The policy shock came from debate over Kim Yong-beom’s proposed AI “national dividend.” Maeil Business Newspaper reported that the idea involved returning wealth and tax revenue generated by the AI and semiconductor industries to citizens in dividend form [1]. Chosun Biz reported that market volatility was tied to a social-media post by Kim and to investor confusion over possible policy fallout as calls grew to redistribute corporate profits amassed during the AI boom [
3].
For markets, the key issue was ambiguity. If investors believed the plan could lead to new taxes, levies, or profit-sharing mechanisms aimed at AI-linked companies, expected future returns for the same companies leading the KOSPI would be repriced lower. One later report said Kim clarified that the plan would use “excess tax revenue,” not a direct corporate tax [32]. That clarification matters, but the initial reaction came before investors had clear implementation details.
Samsung Electronics and SK Hynix were not just large stocks caught in a broad market decline. They were the core of the rally. Channel NewsAsia identified the May 11 record move as an AI-led chipmaker rally, with both companies hitting record levels [36]. Financial News reported that on May 6 the KOSPI closed above 7,300 for the first time as Samsung Electronics and SK Hynix surged more than 10% [
21].
The market’s dependence on those two names had been building for months. KED Global reported in January that the rise in Samsung and SK Hynix had put the two chipmakers’ value at about 40% of the main bourse [45]. A separate May 4 report said the KOSPI surged more than 5% as Samsung and SK Hynix dominated the move, even though decliners outnumbered gainers [
33].
That concentration made the index fragile. When concerns focused on AI profits and semiconductor windfalls, pressure on the two chip leaders quickly became pressure on the whole benchmark.
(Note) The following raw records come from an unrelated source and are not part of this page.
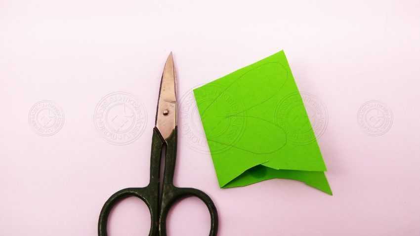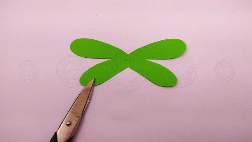 10. Теперь нужны крылышки. Для их создания подойдет также яркая бумага, но желательно, чтобы она была белая или голубая. Однако поскольку фон голубой, то лучше их сделать более яркими, например, салатового цвета. Небольшой отрезок салатового листика согните пополам, карандашом нарисуйте двойные крылышки и подготовьте ножнички.
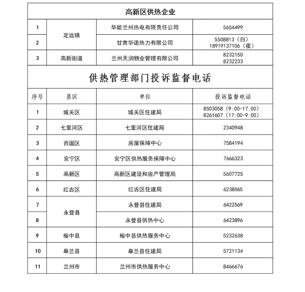 兰州市2025-2026年采暖期供热投诉监督电话公布
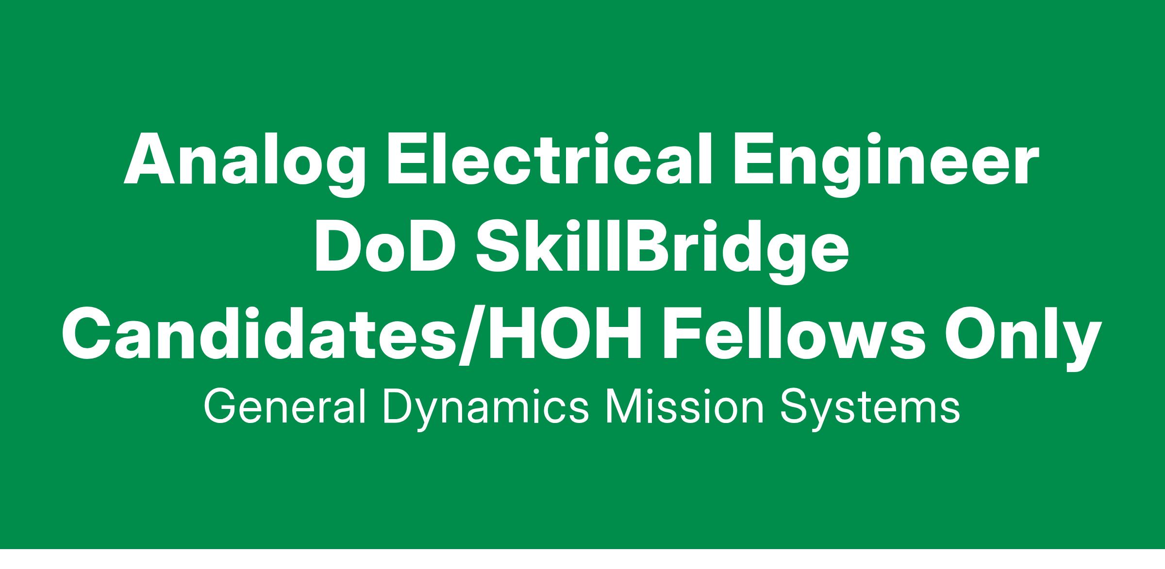 General Dynamics Mission Systems has an opening for a Analog Electrical Engineer

The selloff turned a market correction into a political-economy debate. Reports framed the AI dividend proposal around whether wealth and taxes generated by AI and semiconductors should be returned to citizens [1]. Investors, however, had to consider whether redistribution would come from general public revenue or from a new claim on corporate profits.
The distinction is important. If the proposal is limited to distributing excess tax revenue, the direct hit to chipmaker earnings could be much smaller [32]. If it evolves into a new tax or profit-sharing burden on AI-linked companies, investors may attach a higher policy-risk discount to the stocks most exposed to the AI boom.
The KOSPI plunged after nearly hitting 8,000 because several risks arrived together: a fast AI-led rally, heavy foreign profit-taking, narrow leadership by Samsung Electronics and SK Hynix, and uncertainty over whether the government might seek to share part of the AI and semiconductor windfall through an AI “national dividend” [2][
3][
4].
Kim Yong-beom’s proposal did not single-handedly cause the reversal. It changed the interpretation of the selloff. What could have looked like normal profit-taking became a warning that Korea’s AI boom now carries policy risk as well as valuation and positioning risk.